Task description. Write out exactly the lines below starting at the one containing "With more than" and ending at the one containing "Jeśli pomidory byłyby". Omit every picture.

Dataset excerpts.
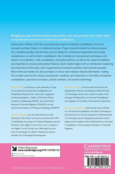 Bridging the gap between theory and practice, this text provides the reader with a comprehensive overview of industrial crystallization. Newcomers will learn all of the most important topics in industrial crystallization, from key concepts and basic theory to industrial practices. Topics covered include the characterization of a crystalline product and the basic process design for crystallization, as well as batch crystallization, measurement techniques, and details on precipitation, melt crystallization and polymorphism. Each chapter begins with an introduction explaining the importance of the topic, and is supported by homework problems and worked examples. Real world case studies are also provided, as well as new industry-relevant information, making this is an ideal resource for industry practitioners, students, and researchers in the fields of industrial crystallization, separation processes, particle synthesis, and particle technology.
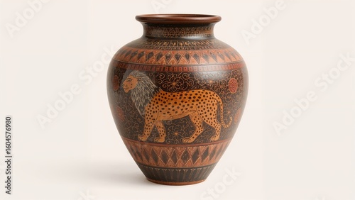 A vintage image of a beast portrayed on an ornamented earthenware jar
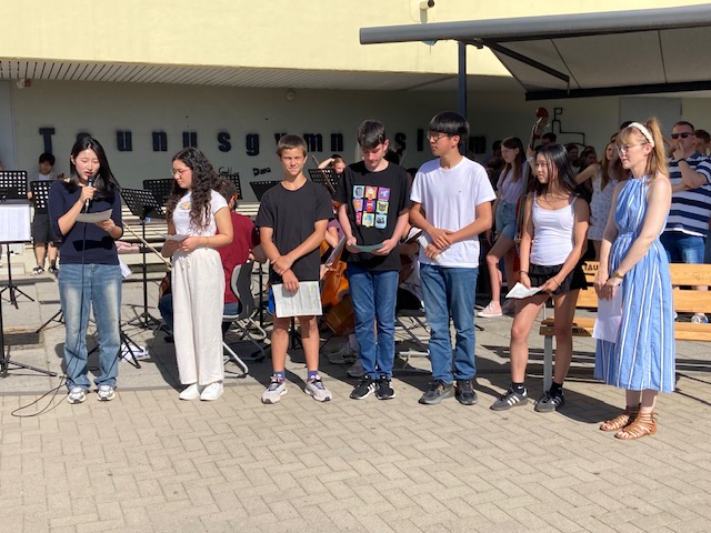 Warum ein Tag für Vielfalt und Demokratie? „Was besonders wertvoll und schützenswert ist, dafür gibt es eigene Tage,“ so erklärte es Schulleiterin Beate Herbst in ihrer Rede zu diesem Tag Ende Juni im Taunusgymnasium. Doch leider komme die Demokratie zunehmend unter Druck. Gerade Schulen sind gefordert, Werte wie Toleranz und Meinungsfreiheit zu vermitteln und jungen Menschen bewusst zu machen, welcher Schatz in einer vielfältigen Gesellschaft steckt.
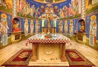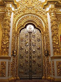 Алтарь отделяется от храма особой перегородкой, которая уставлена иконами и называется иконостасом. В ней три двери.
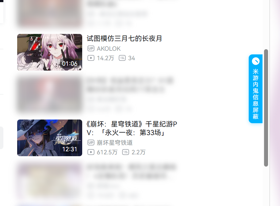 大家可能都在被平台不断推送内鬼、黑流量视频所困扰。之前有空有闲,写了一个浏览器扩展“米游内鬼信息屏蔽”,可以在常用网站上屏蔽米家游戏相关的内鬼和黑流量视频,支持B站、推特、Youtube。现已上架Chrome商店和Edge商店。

--

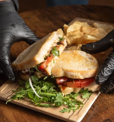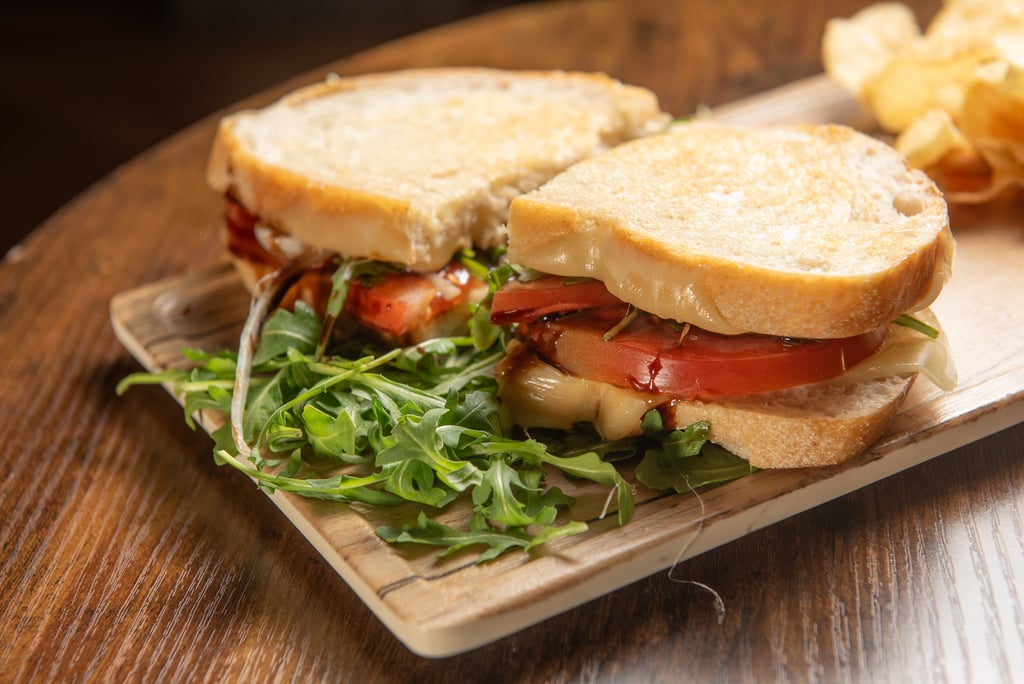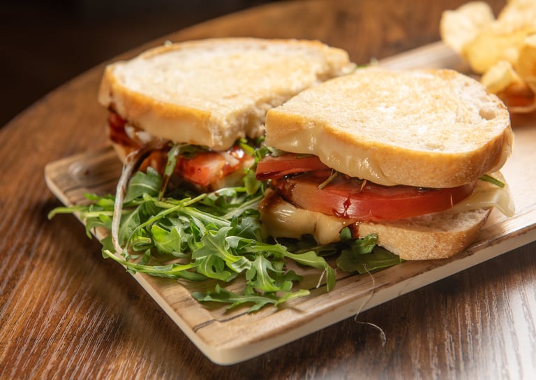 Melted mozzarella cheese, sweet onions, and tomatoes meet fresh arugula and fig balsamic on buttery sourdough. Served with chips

--

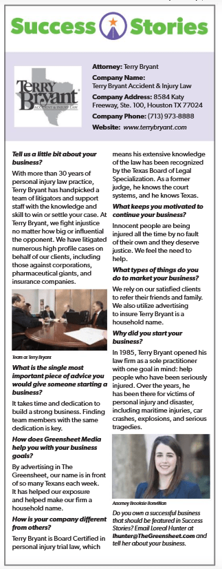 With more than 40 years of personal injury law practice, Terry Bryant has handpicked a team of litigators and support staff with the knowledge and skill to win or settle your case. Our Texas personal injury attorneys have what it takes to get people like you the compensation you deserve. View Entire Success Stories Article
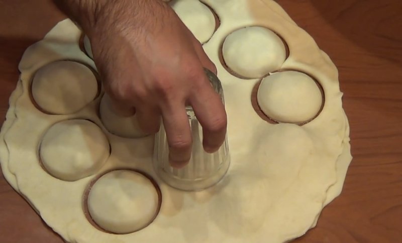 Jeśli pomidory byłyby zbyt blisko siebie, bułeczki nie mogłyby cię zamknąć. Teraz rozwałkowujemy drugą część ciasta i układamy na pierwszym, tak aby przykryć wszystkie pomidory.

Output of the exercise.
 With more than 40 years of personal injury law practice, Terry Bryant has handpicked a team of litigators and support staff with the knowledge and skill to win or settle your case. Our Texas personal injury attorneys have what it takes to get people like you the compensation you deserve. View Entire Success Stories Article
 Jeśli pomidory byłyby zbyt blisko siebie, bułeczki nie mogłyby cię zamknąć. Teraz rozwałkowujemy drugą część ciasta i układamy na pierwszym, tak aby przykryć wszystkie pomidory.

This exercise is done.